The transfers on display range from acceptable to disappointing. Sadly, the best of the films gets the weakest image, as the Robocop transfer is the same underwhelming presentation we received on the single-disc release a while back. In fact, it's actually just a repackage of that very disc. There are a lot of moments that are supposed to look crummy for artistic reasons (everything seen through the eyes of Robocop, for instance), but the scenes that should look sharp tend to be rather flat and underwhelming. It's not much of an upgrade from the handsome 20th Anniversary DVD release. Robocop 2 fares considerably better, offering exceptional detail and depth for a film made two decades ago. There are a few scratches and flecks here and there, but in general the image is quite strong. The same applies to Robocop 3, though with even fewer scratches and flecks to be found.

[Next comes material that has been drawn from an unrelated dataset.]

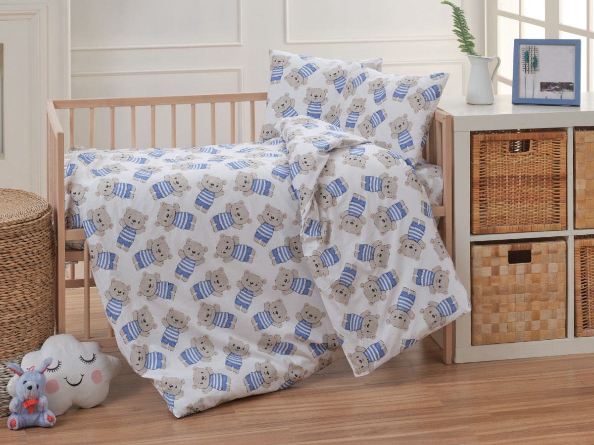 Krepové dětské povlečení do malé postýlky 90x135, 45x60 cm Medvídek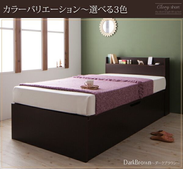 セミシングルベッド 茶色 ダークブラウン 茶 こげ茶、白 ホワイト、ナチュラルから選べる お客様組立 国産 日本製 国産跳上げ収納ベッド 薄型スタンダードボンネルコイルマットレス付き 横開き ショート丈 深さラージ 小さいだけじゃない、私のお気に入りベッド

Audio is sturdy on all three films, with action scenes that pack a punch, clean dialogue and robust musical scores. While I wouldn't label any of the tracks a real knockout, they get the job done nicely considering the age of the films. The terrific Basil Poledouris score written for the first film is easily the best of the bunch in the soundtrack department, perfectly capturing the blend of surface-level fun and satirical bombast of Verhoeven's film. The second film suffers from a rather mediocre, semi-atonal effort from the talented Leonard Rosenman, whose effort just feels half-hearted. Poledouris returns for the third installment, but the music lacks the inspiration of his first effort (one can't really blame him when considering just how bad the film is).
The Rebuttal Witnesses
Despite the fact that Robocop received a lavish DVD release loaded with special features a few years ago, this set is nearly bare-bones. Aside from theatrical trailers for all three films, there are no special features. Meh.
The Robocop Trilogy box set offers a very good film, an interesting-but-frustrating film and a flat-out bad film. If you're a fan of the movies and don't care about extras, the price is just about right.
The films receive varying verdicts, but the box set is guilty of failing to
deliver in the supplemental department.